La furia de Mariano Soso contra el árbitro Bryan Ferreyra por un penal revisado por VAR dejó el partido en Florencio Varela empastado y volvió a poner en el centro del debate la transparencia del sistema de revisiones (La Nación, 13/3/2026).

¿Qué pasó en Florencio Varela?

En el Estadio de Defensa y Justicia la acción que cambió el final llegó a 12 minutos del cierre, cuando una revisión desde Ezeiza terminó en penal para Central Córdoba y en la igualdad definitiva, un hecho que detonó la reacción del técnico local (La Nación, 13/3/2026). El partido ya había vivido golpes y decisiones firmes: a los 21 minutos del segundo tiempo un ingresado fue expulsado por una plancha y la acción fue confirmada tras la intervención del VAR, lo que demuestra que las mismas herramientas pueden generar sanciones y, minutos después, controversias por otras jugadas (La Nación, 13/3/2026). Además, antes del penal discutido existió una jugada que muchos vieron como posible penal para Defensa y Justicia y que no fue revisada por el VAR, lo que aumentó la sensación de arbitrariedad entre jugadores y cuerpo técnico.

El VAR y la acumulación de sospechas: ¿es un problema del sistema o de las personas?

No es sólo un escándalo puntual: el árbitro central ya estuvo en el ojo de la tormenta el 24 de enero, en una jugada confusa que ocurrió a los 34 minutos de aquel partido y que generó dudas similares sobre criterios y consistencia (La Nación, 13/3/2026). En esta Apertura la primera controversia relevante apareció en el segundo día, en el noveno partido del certamen, según la crónica, y eso obliga a comparar el inicio actual con el Clausura anterior, que fue calificado por varios actores como un torneo cargado de sospechas; la sensación pública es que no hubo mejora perceptible entre temporadas (La Nación, 13/3/2026). Cuando el conflicto se repite con los mismos protagonistas y en días distintos, la pregunta deja de ser retórica: estamos frente a fallas en el protocolo de revisión, a un entrenamiento insuficiente de los operarios del VAR o a problemas de gobernanza en los organismos que designan y controlan a los árbitros.

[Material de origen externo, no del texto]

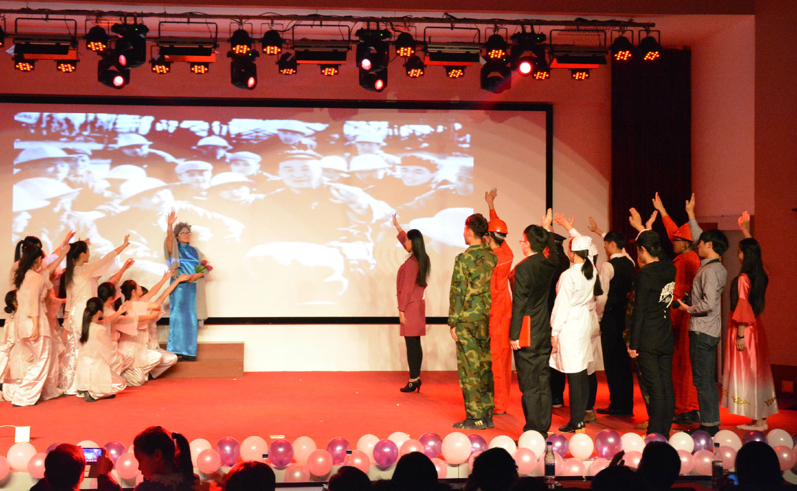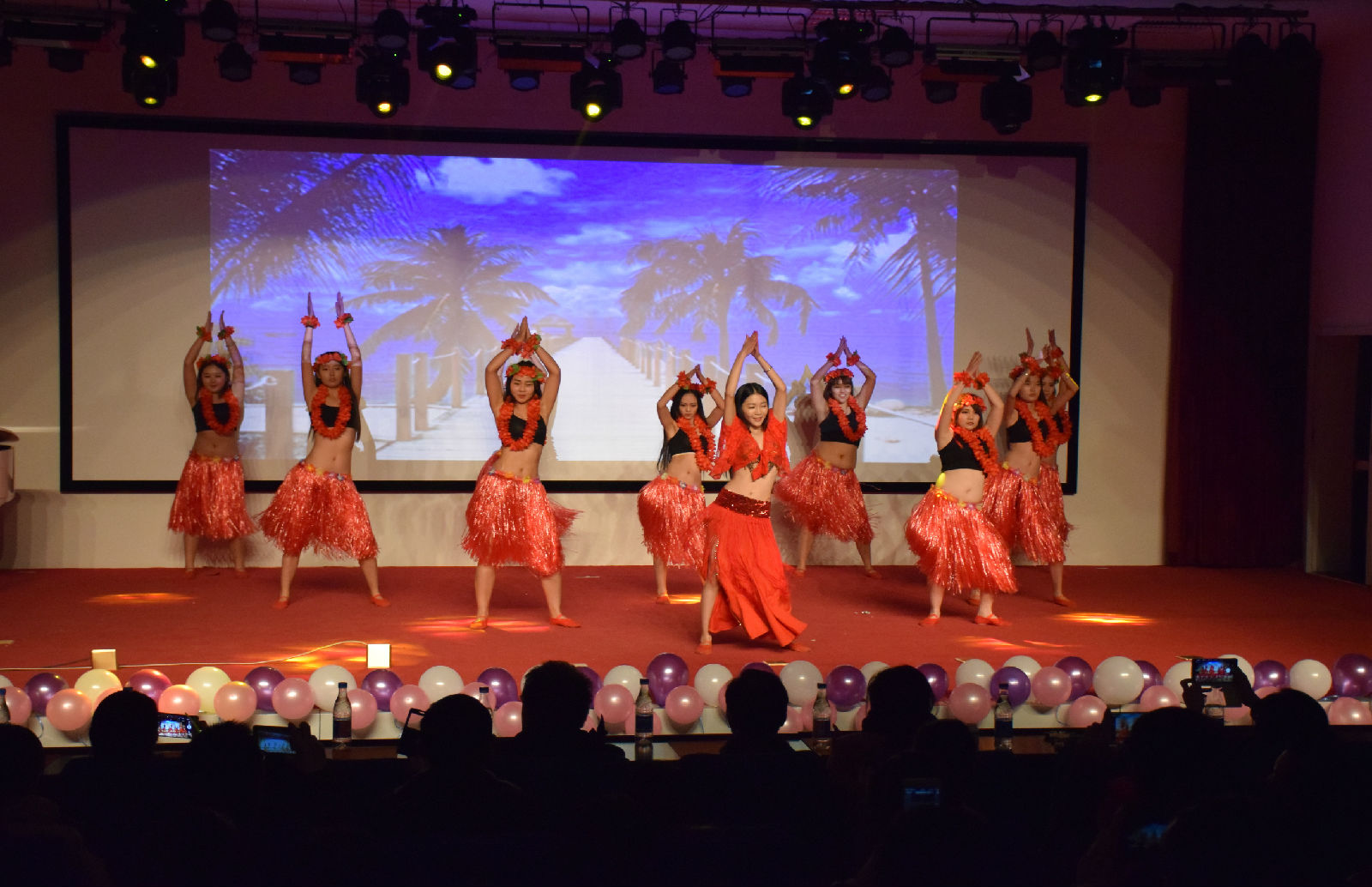 晚会在开场舞动感的节奏中拉开帷幕,演员们带来的舞蹈《落花情》以及歌曲串烧引得现场阵阵喝彩;一曲《光辉岁月》唱尽了我们大学生朝气蓬勃的活力;音诗画《老照片》动人至极,现场观众纷纷落泪;哑剧《诊所风波》形式新颖;精彩的《草裙舞》,让人眼前一亮;而由苏晓璐老师带来的钢琴独奏《出埃及记》更是把全场的气氛推向了高潮。最后,晚会在全体演员《青春修炼手册》的歌声中圆满落幕。
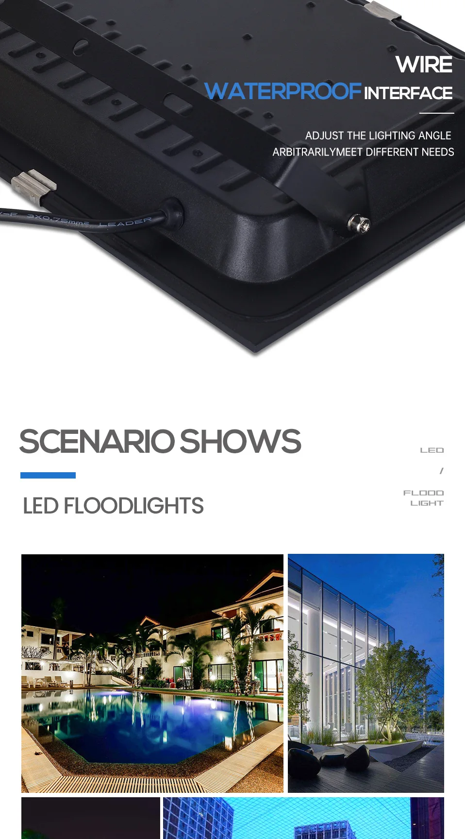 [Супер яркий и энергосберегающий] Светодиодный прожектор светильник с супер яркий светодиодный бусины, может производить до 20000 люмен высокой яркости белого светильник. Он может заменить 1000 Вт традиционные галогенные лампы, экономя 80% расходов на электричество
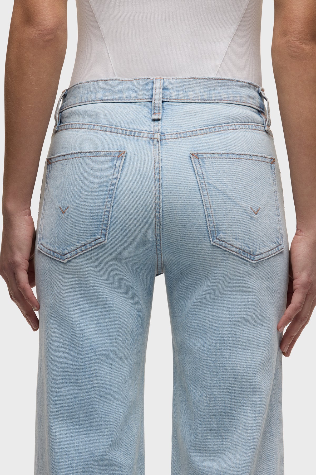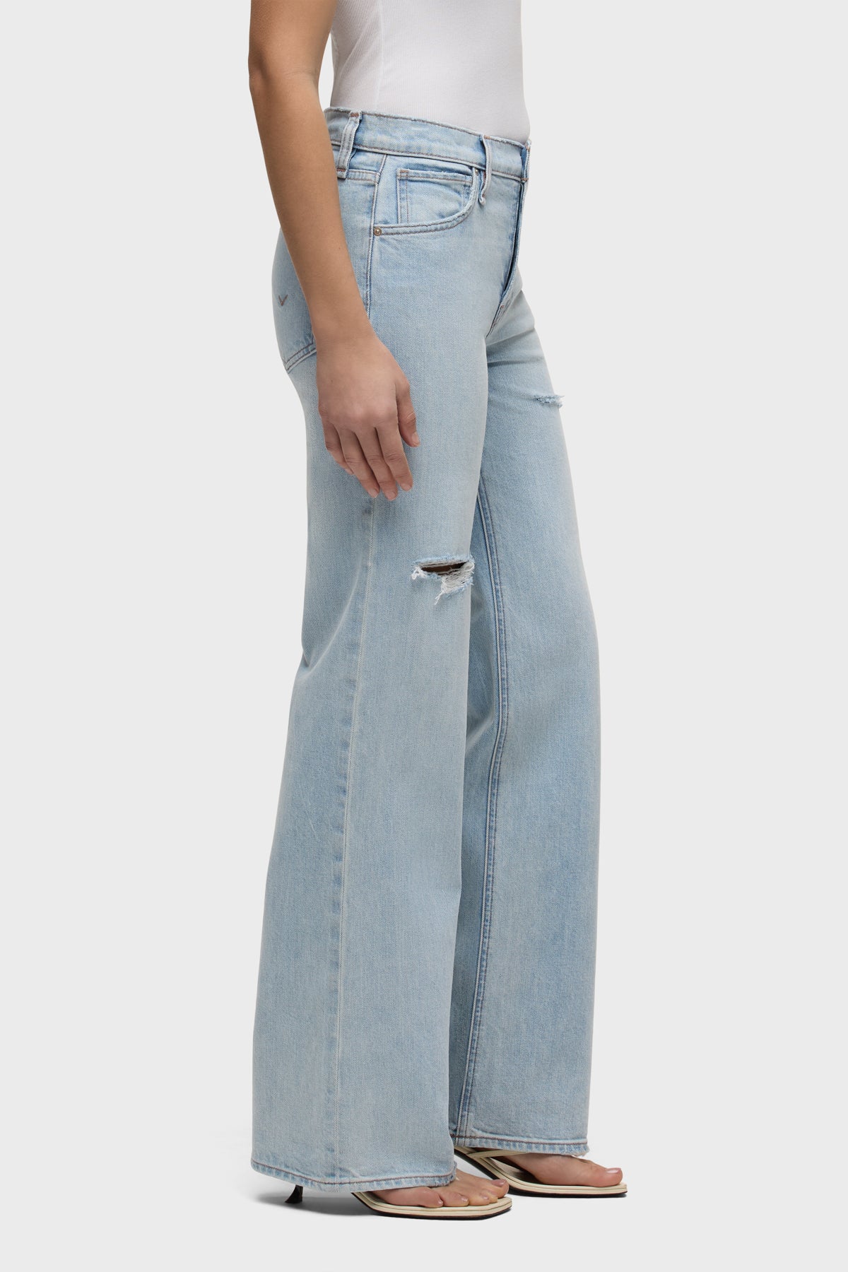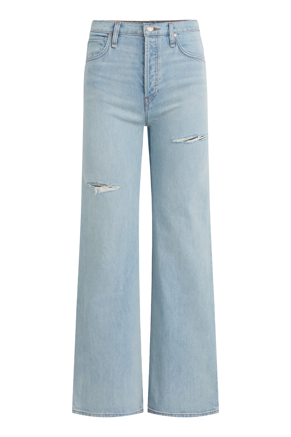 Our Rosie High-Rise Wide Leg Jean with Covered Button Fly in Rearview has a classic fit with an elevated waistline and a roomy leg. Crafted from Italian comfort stretch denim in a light indigo wash with heavy acid washing, stone washing, bleaching, whiskering, edge grinding and destruction on both legs, this full-length 32" pair is finished with a covered button fly and clean finished hem. -
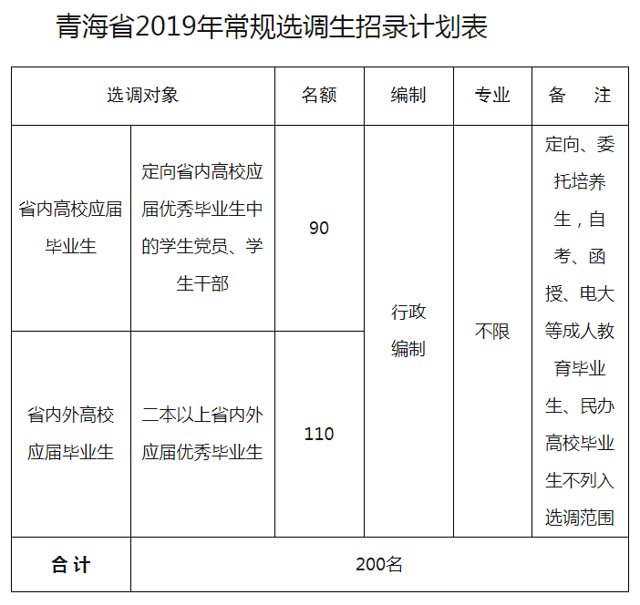 1.定向选调生90名。从省内三所高校(青海大学、青海师范大学、青海民族大学)应届毕业生中的学生党员、学生干部中定向选调90名(每校30名),由各高校党委严格遴选、认真把关后推荐产生初步人选,统一安排参加选调生考试、体检、考察后按成绩择优录用。
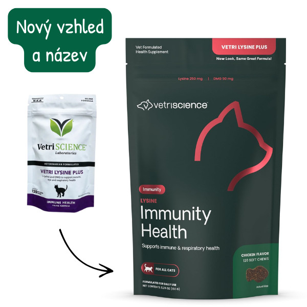 Veterinární doplněk na kočičí rýmu pro dospělé kočky i koťata. Vetri Lysine Plus jsou chutné kousky s příchutí kuřecích jater. Podávají se přímo z ruky nebo rozmačkané do krmiva. Pro masivní podporu fungování imunitního systému při respiračních obtížích (rýma, kašel) nebo jako prevence kočičí rýmy, kočičího kašle a dalších infekcí.
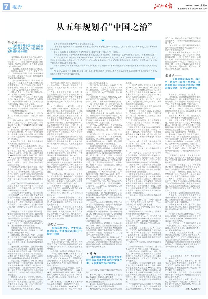 从五年规划看“中国之治”
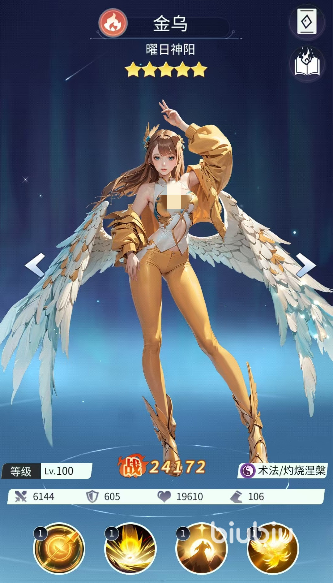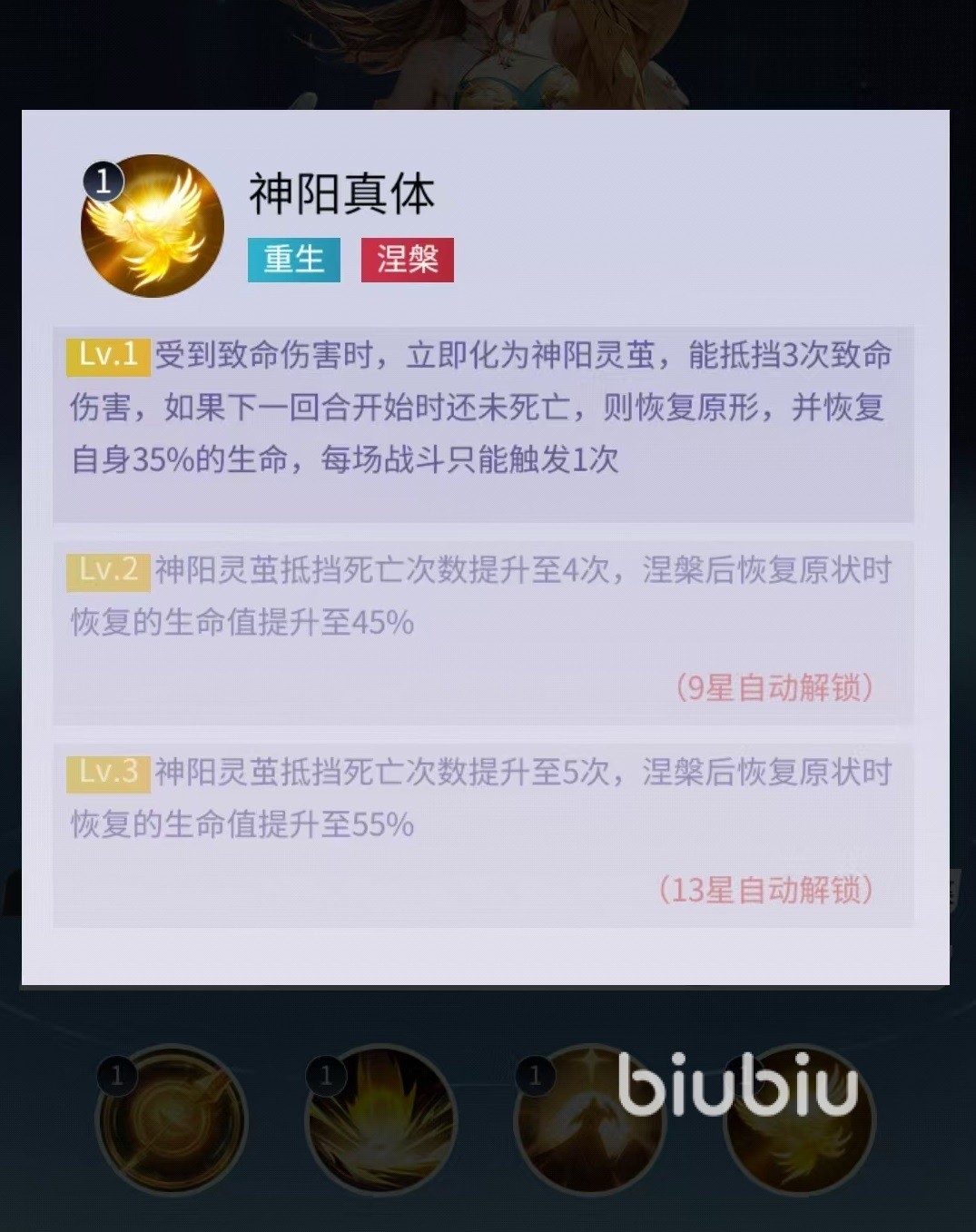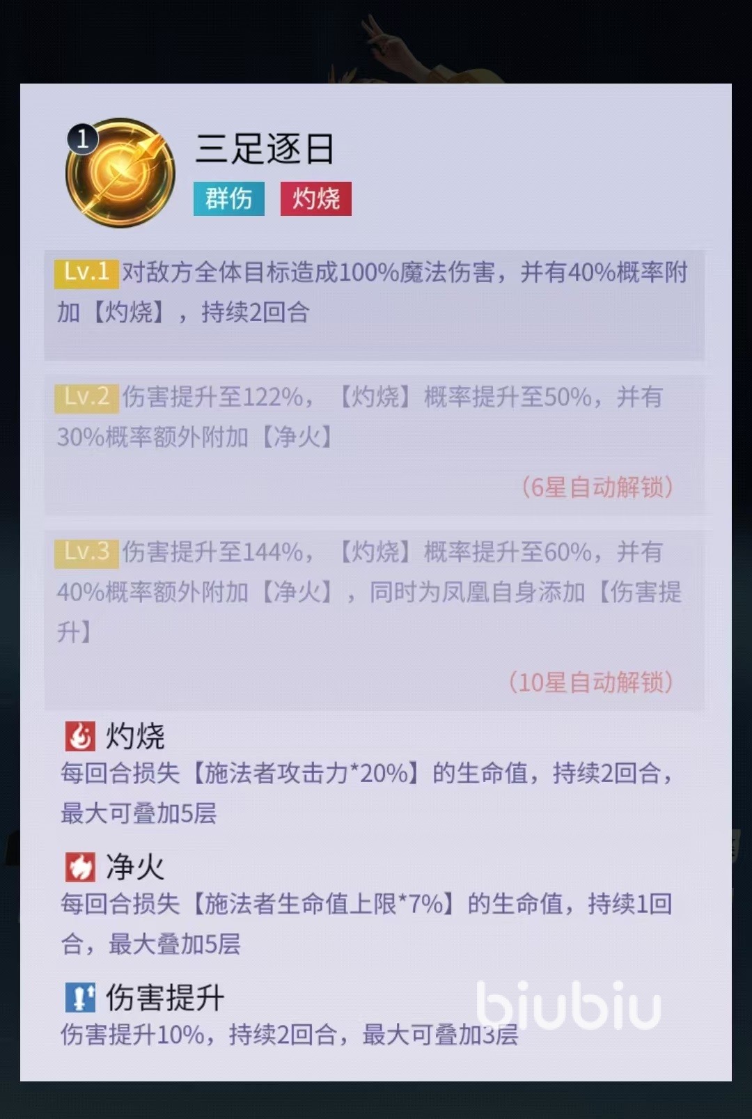 因为不是同名效果,所以这两个异常状态可以同时生效,这样叠加起来会令对方非常难受。自身的普攻也有几率附加灼烧,且优先瞄准带灼烧的目标。还有一个被动效果是当金乌受到致命伤害时会立即化茧,可抵挡三次致命伤害,如果下一回合开始时依然没有死亡,就可以恢复原型并恢复少量生命值。这样就相当于金乌多了一条命,这对于保命来说非常关键。所以自身即使在后排面被对方直接针对,也可以凭借被动爬起来再次进行输出。
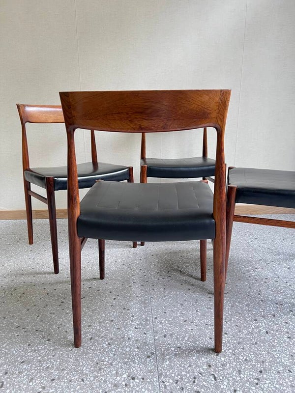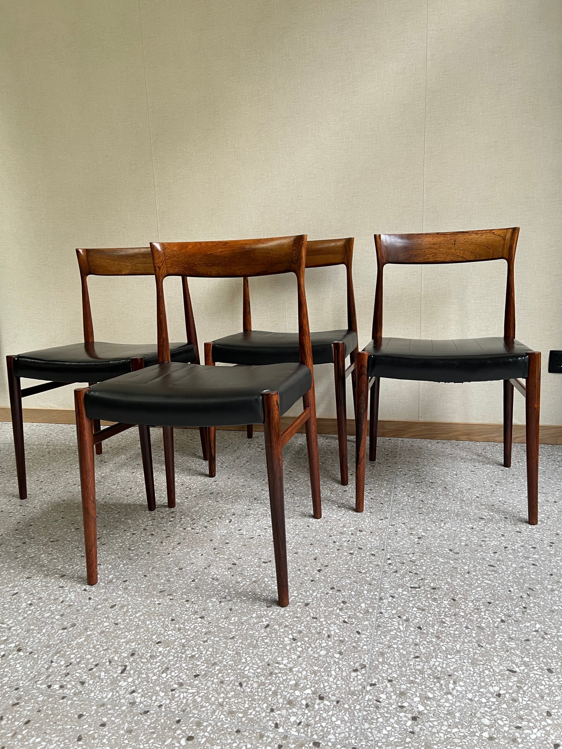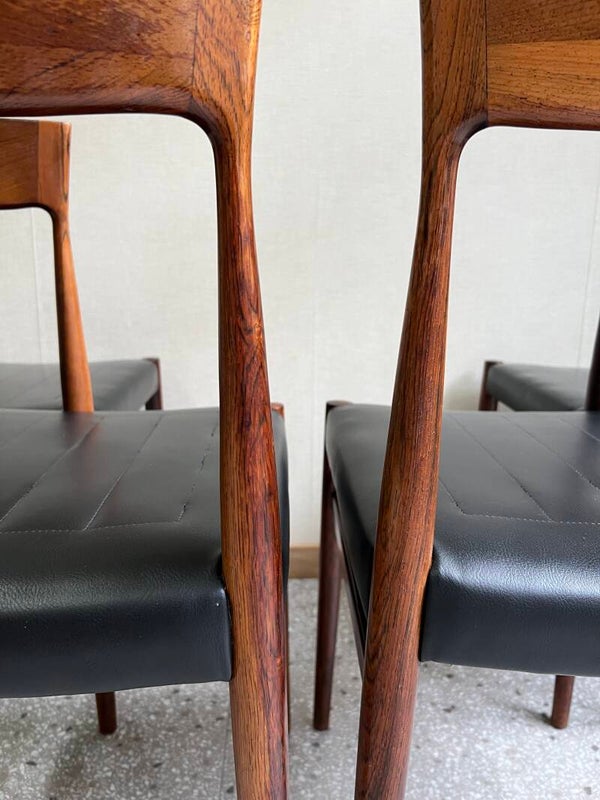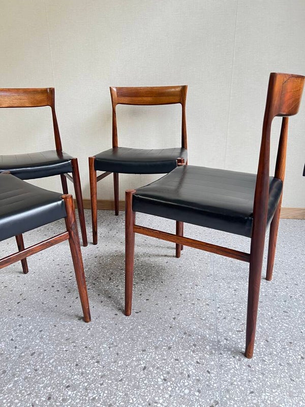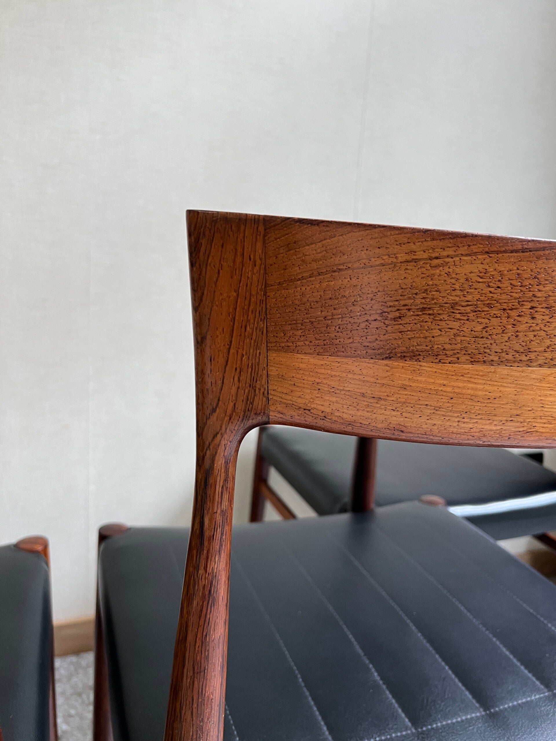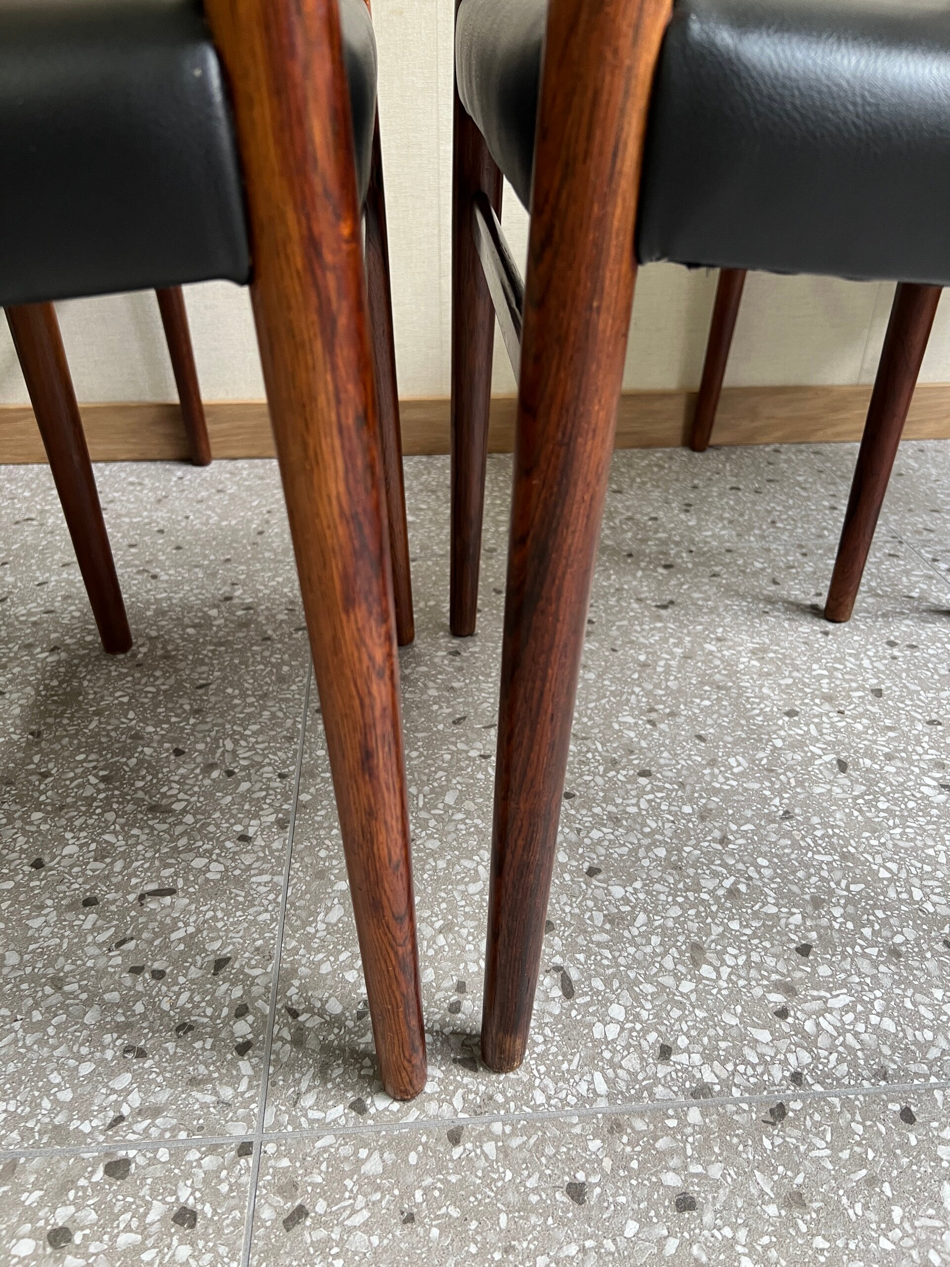 Prachtige Deens design Palissander houten eetkamerstoelen, prachtige strak vormgegeven set van 4 hoogwaardige kwaliteit, Ervaar het comfort en de kwaliteit van deze mooie eetkamerstoelen.

Qué pedimos: planificación, protocolos claros y rendición

Reclamamos planificación y transparencia en la aplicación del VAR y en la formación arbitral, con registros públicos de cada intervención y de los criterios seguidos en cada revisión, porque la opacidad alimenta sospechas y confrontaciones en los vestuarios y en las tribunas. Pedimos además cronogramas de auditoría independientes y la publicación periódica de estadísticas detalladas sobre intervenciones del VAR: cuántas revisiones se hicieron por jornada, cuántas modificaron decisiones in situ y el tiempo promedio de cada revisión, datos que deben acompañar cada certamen para que la sociedad pueda comparar evolución versus torneos previos. También solicitamos protocolos claros para la intervención del cuarto juez y límites precisos a las reacciones de cuerpos técnicos y planteles para evitar incidentes en el campo que pongan en riesgo la seguridad. Finalmente, reclamamos mecanismos de rendición de cuentas: si un árbitro acumula decisiones controvertidas en cortos plazos, debe explicarse públicamente qué controles se activaron y qué sanciones, si las hubo, se aplicaron, manteniendo siempre la presunción de buena fe hasta que una investigación pruebe lo contrario.

Con hechos como los descritos por La Nación (13/3/2026) —la jugada a 12 minutos del final, la expulsión a los 21 y el antecedente del 24/1— no basta el enojo en caliente; necesitamos instituciones que prevengan la sospecha y procedimientos que la disipen, no que la alimenten. Reclamamos, como ya lo hemos hecho en otros temas del fútbol y la organización deportiva, planificación, transparencia y coordinación entre Liga, clubes y operadores del VAR para proteger a hinchas y jugadores y para que las decisiones sean verificables y coherentes temporada tras temporada.